ISSUE 229 (was: Reviewing PROV-DM)

I drafted this, then put the text into the tracker, not meaning to send this 
message. Please reply to the thread mentioning ISSUE 229


On 30/01/2012 10:44, Graham Klyne wrote:
> I've started another full review of PROV-DM, so far having done up to about
> section 5.4.
> While the content is making much more sense than it did last time I reviewed it,
> I am finding some of the text to be repetitive, confusing and in some cases
> strangely phrased. I think a main goal of this document needs to be to offer an
> approachable description of the underlying data model and ASN notation that can
> be used by developers and information designers. I think the document could
> benefit from a serious round of sub-editing (without intending to change the
> substantive content).
> I also think that a refactoring of the DM concepts (without fundamentally
> changing the underlying intended semantics) could help to eliminate a lot of
> repetitive text.

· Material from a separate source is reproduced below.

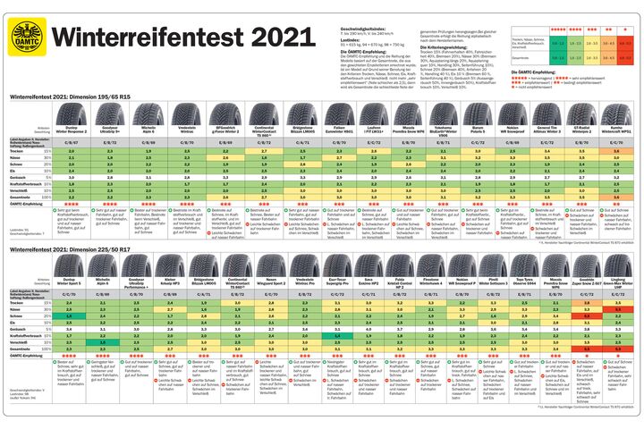 Im Winterreifentest 2021 haben der ÖAMTC und seine Partner 34 Modelle der Mittelklasse-Dimensionen 195/65 R15 91T sowie 225/50 R17 94V in Hinblick auf ihre Fahr- und Sicherheitseigenschaften getestet. Und auch Komfort und Wirtschaftlichkeit wurden wieder unter die Lupe genommen. ÖAMTC-Techniker Steffan Kerbl fasst die Ergebnisse zusammen: "Sieben Winterreifen wurden mit 'sehr empfehlenswert' beurteilt. Mit jedem dieser Modelle erhält man einen ausgewogenen Reifen ohne große Schwachstellen." Der Großteil der heuer getesteten Produkte (24) schnitt mit der Note "empfehlenswert" ab, eines mit "bedingt empfehlenswert" – und für zwei Reifen kann der ÖAMTC keine Empfehlung aussprechen. "Einen Winterreifen zu finden, der Sicherheit und Fahrkomfort bietet und gleichzeitig beim Spritsparen hilft, sollte 2021 also kein großes Problem sein", sagt Kerbl. Detailergebnisse sind auch unter www.oeamtc.at/tests zu finden.

These comments relate to the recent "domain of discourse" vote,
> but I'm coming at this from a more holistic perspective.
> It seems to me that the domain of discourse contains the following concepts:
> Entity
> Activity
> Agent
> Event
> Plan
> Account
> in that these are the various things about which the provenance language aims to
> make assertions, and that all of these could be considered types of Entity (with
> the possible exception of Event). I think we've already established that most if
> not all of these are kinds of entity.
> If the descriptions were refactored around such a structure, I believe much of
> the repetitive description of attributes could be focused in one place. I would
> be inclined to separate attributes from the other type declarations, so we'd end
> up with primitive ASM expressions like these:
> Entity(id)
> Activity(id, start?, end?)
> Agent(id)
> Plan(id)
> Event(Id, time?)
> Account(id)
> Attributes(id, [attr1=val1, attr2=val2, ...])
> Where the Attributes expression could be applied to any of the preceding
> concepts, and the description of attributes would consequently be needed only
> once. The main objection I see to this is that it would mean that, say, the ASN
> expression:
> Entity(id, [attr1=val1, attr2=val2, ...])
> would be replaced by two expressions:
> Entity(id)
> Attributes(id, [attr1=val1, attr2=val2, ...])
> I would counter this by having the ASN (but not the underlying model) allow the
> first form as a syntactic sugar for the second.
> ...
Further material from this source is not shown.